• [Task description] Beginning at the line that holds "Hadir dalam upacara", repeat every line through the last line of the material, exactly, and drop any pictures.

• [Supplied data]
- - - - -

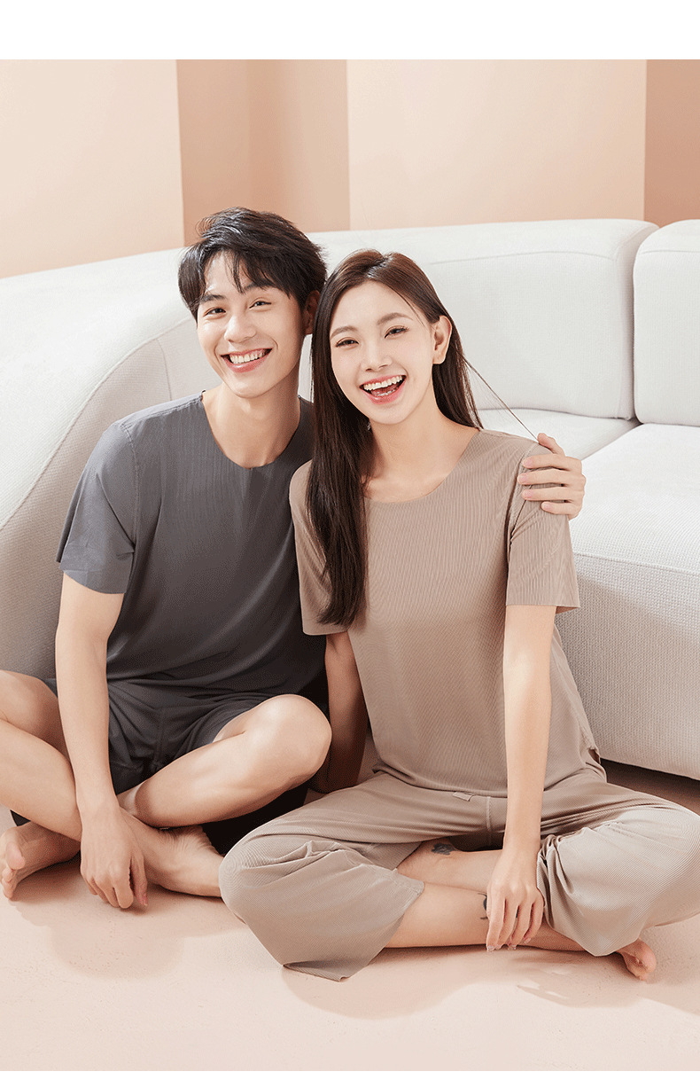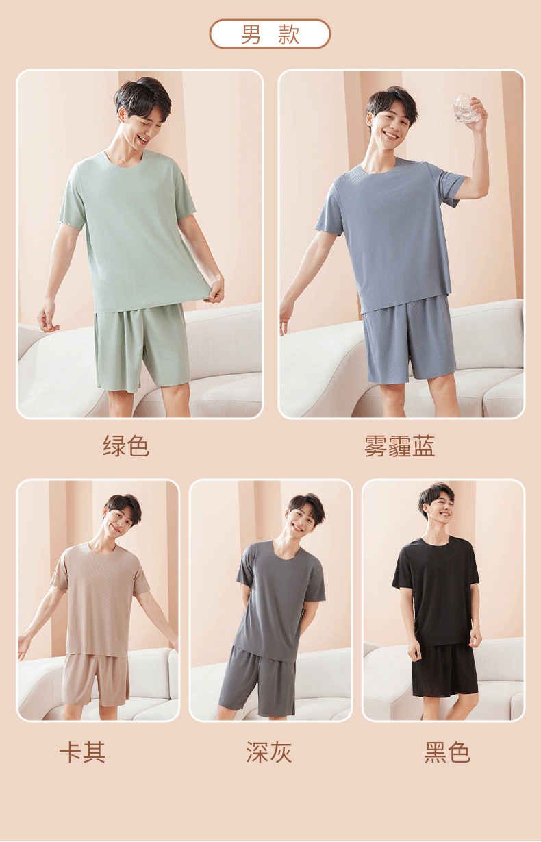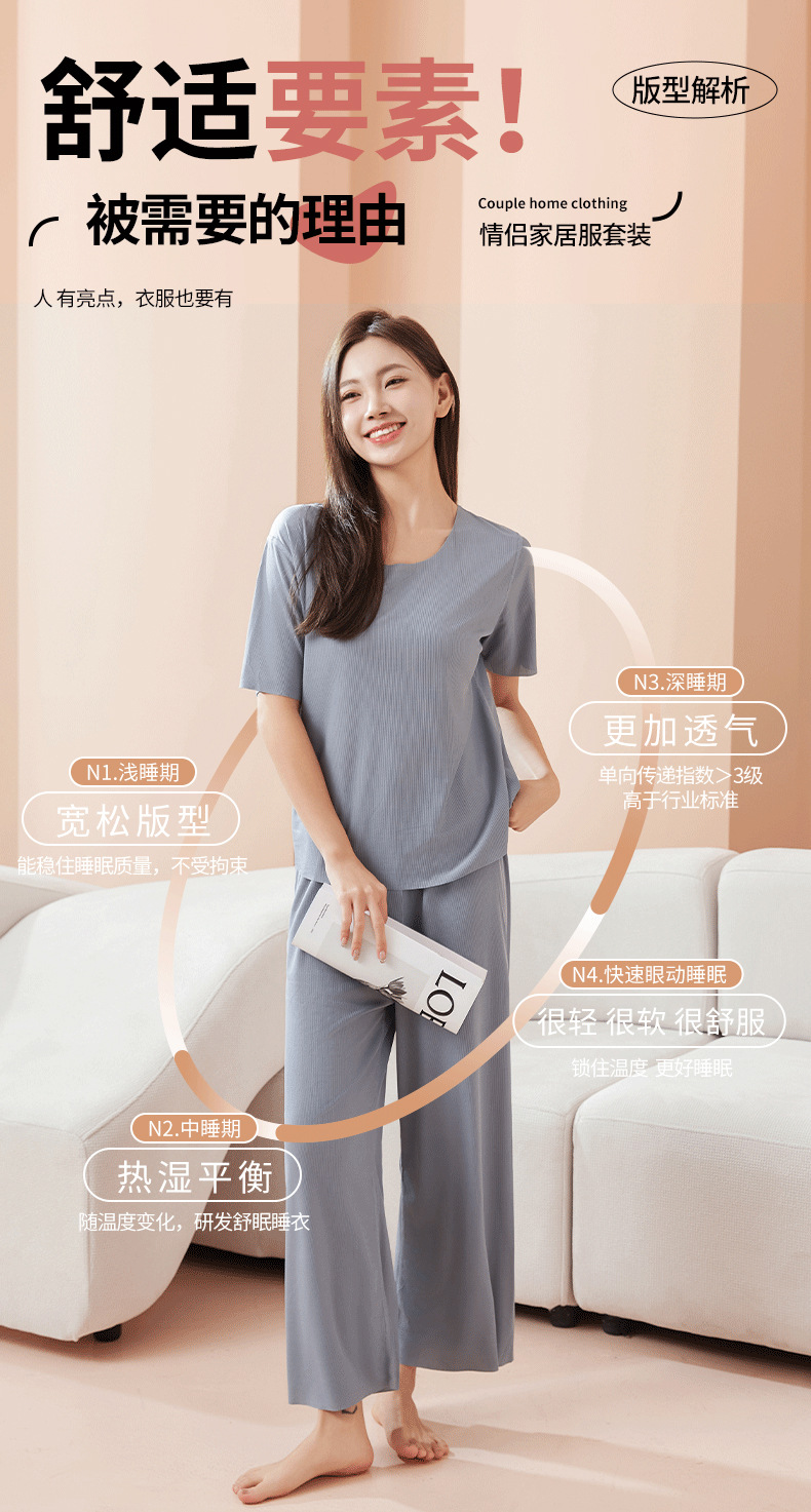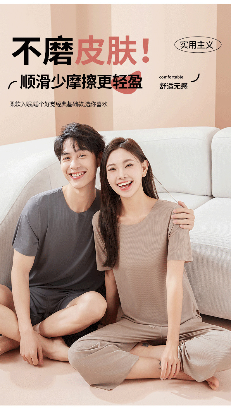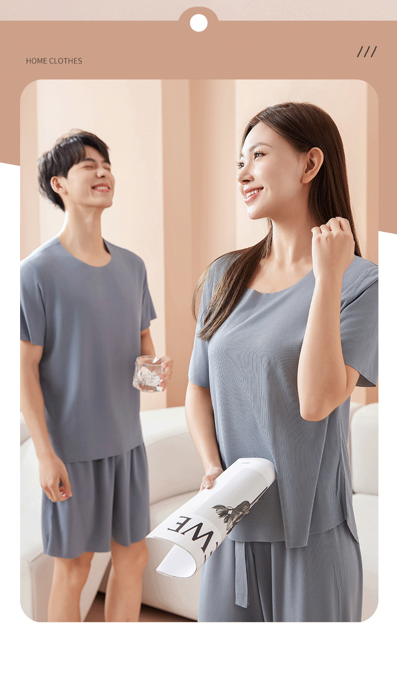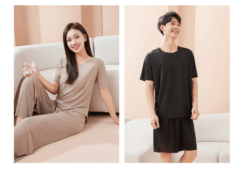 【休闲家居服❗可外穿】爆款无痕情侣睡衣女夏季冰丝清凉短袖圆领男女时尚家居服套装。rh
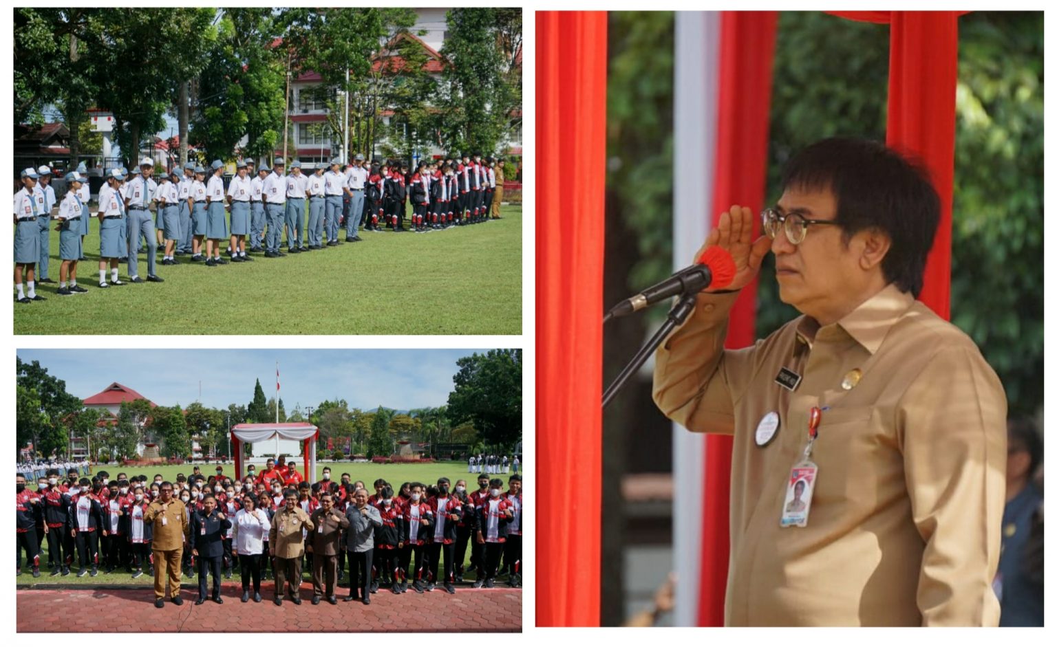 Hadir dalam upacara ini Anggota DPR RI Adriana Dondokambey, Pejabat Tinggi Pratama dan Pejabat Administrator Pemprov Sulut, Perwakilan KNPI, Pelajar dan Atlit-atlit yang akan mengikuti Popnas.
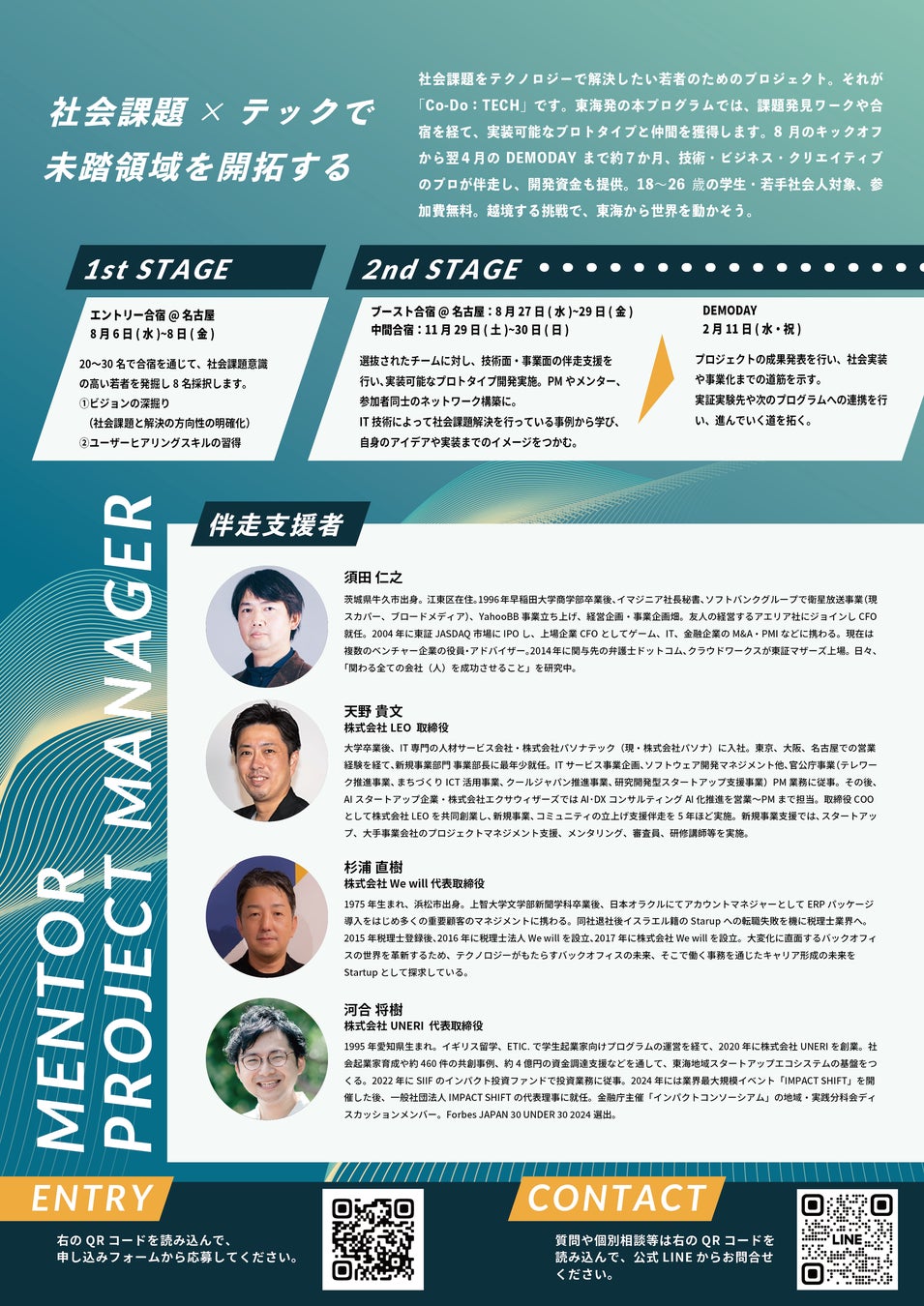 企画・運営は、若者の社会課題挑戦を支えてきた「Co-Do」チーム。中心メンバーは、株式会社レジスタ取締役・河尻諭と、一般社団法人OWN WAY代表理事・杉山真之介。これまで東海地域で数多くの若者支援に取り組んできた2人が、「地方にいても、誰かの模倣ではない“未踏の挑戦”はできる」という想いのもと、地域の大学・企業・行政と連携してプログラムを展開します。

- - - - -

• [Written solution]
 Hadir dalam upacara ini Anggota DPR RI Adriana Dondokambey, Pejabat Tinggi Pratama dan Pejabat Administrator Pemprov Sulut, Perwakilan KNPI, Pelajar dan Atlit-atlit yang akan mengikuti Popnas.
 企画・運営は、若者の社会課題挑戦を支えてきた「Co-Do」チーム。中心メンバーは、株式会社レジスタ取締役・河尻諭と、一般社団法人OWN WAY代表理事・杉山真之介。これまで東海地域で数多くの若者支援に取り組んできた2人が、「地方にいても、誰かの模倣ではない“未踏の挑戦”はできる」という想いのもと、地域の大学・企業・行政と連携してプログラムを展開します。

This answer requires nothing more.